In a later media briefing, assigned discussant Dr Fuster said this study really emphasizes the importance of physician judgment when prescribing preventive therapy. "The [beneficial] impact [of a reduction in hard events] is there, but it is not a huge impact," he added. "You have to put in balance the issue of bleeding and discontinuation of the drug." Moreover, "the issue of cost [of ticagrelor vs generic clopidogrel] is not innocuous," he said.

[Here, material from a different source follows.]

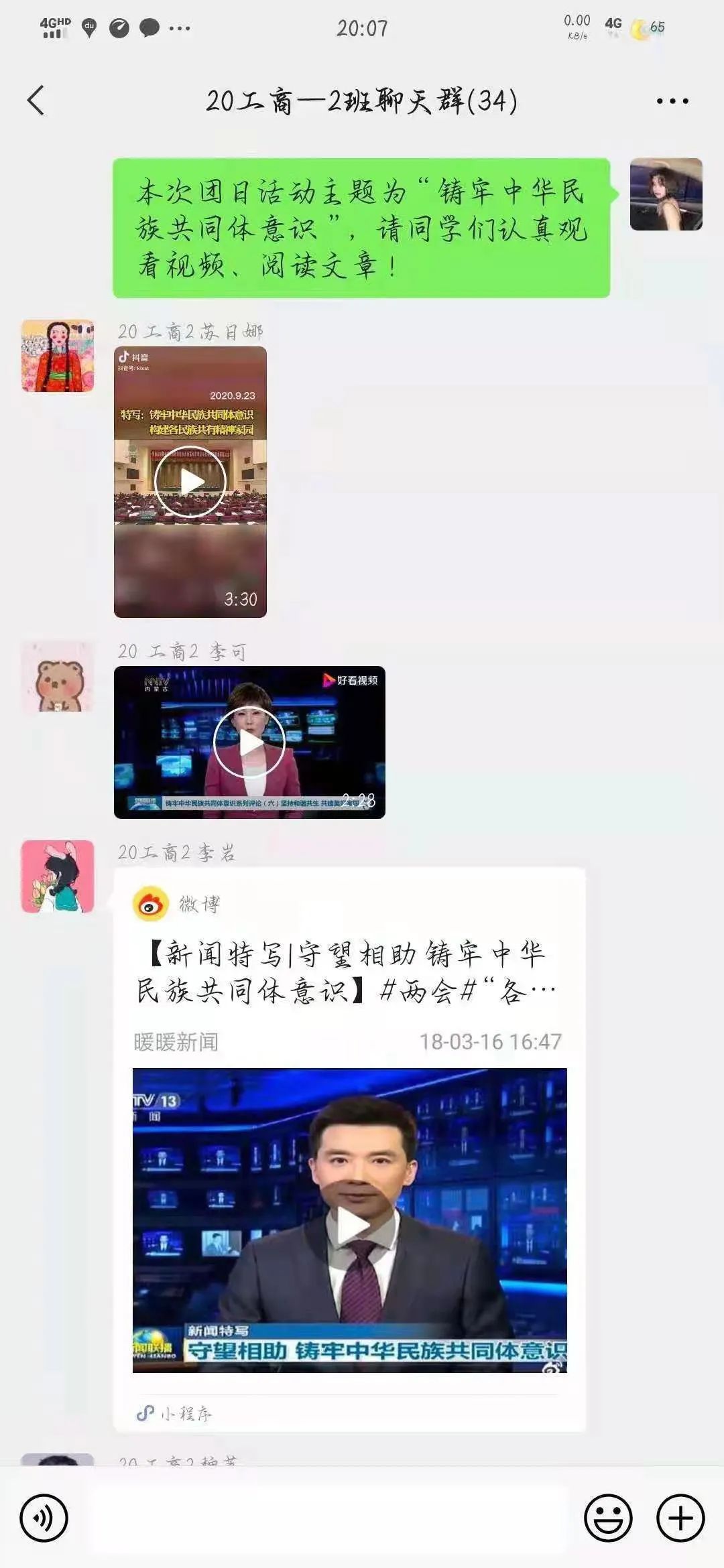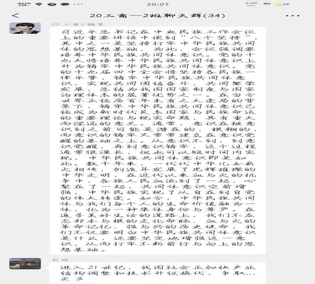 2月21日,2020级工商管理二班于微信开展“铸牢中华民族共同体意识”线上主题团日活动。本班团支书组织活动,全班同学积极参加。

AstraZeneca sponsored the trial and provided a grant to Brigham and Women's Hospital. Bonaca has received through Brigham and Women's Hospital grants and fees from AstraZeneca, Merck, and Roche Diagnostics and grants from GlaxoSmithKline and fees from Bayer. Sabatine has received research grant support through Brigham and Women's Hospital from Abbott Laboratories, Accumetrics, Amgen, AstraZeneca, AstraZeneca–Bristol-Myers Squibb Alliance, BRAHMS, Bristol-Myers Squibb–Sanofi Joint Venture, Critical Diagnostics, Daiichi-Sankyo, diaDexus, Eisai, Genzyme, GlaxoSmithKline, Intarcia, Merck, Nanosphere, Ortho-Clinical Diagnostics, Roche Diagnostics, Sanofi, Singulex, and Takeda; he has consulted for Aegerion, Amgen, AstraZeneca, Bristol-Myers Squibb, Daiichi-Sankyo/Eli Lilly, GlaxoSmithKline, Intarcia, Merck, MyoKardia, Pfizer, Sanofi, Vertex, Zeus, Cubist, and Quest Diagnostics. Disclosures for the coauthors are listed in the article. Keane has no relevant financial relationships.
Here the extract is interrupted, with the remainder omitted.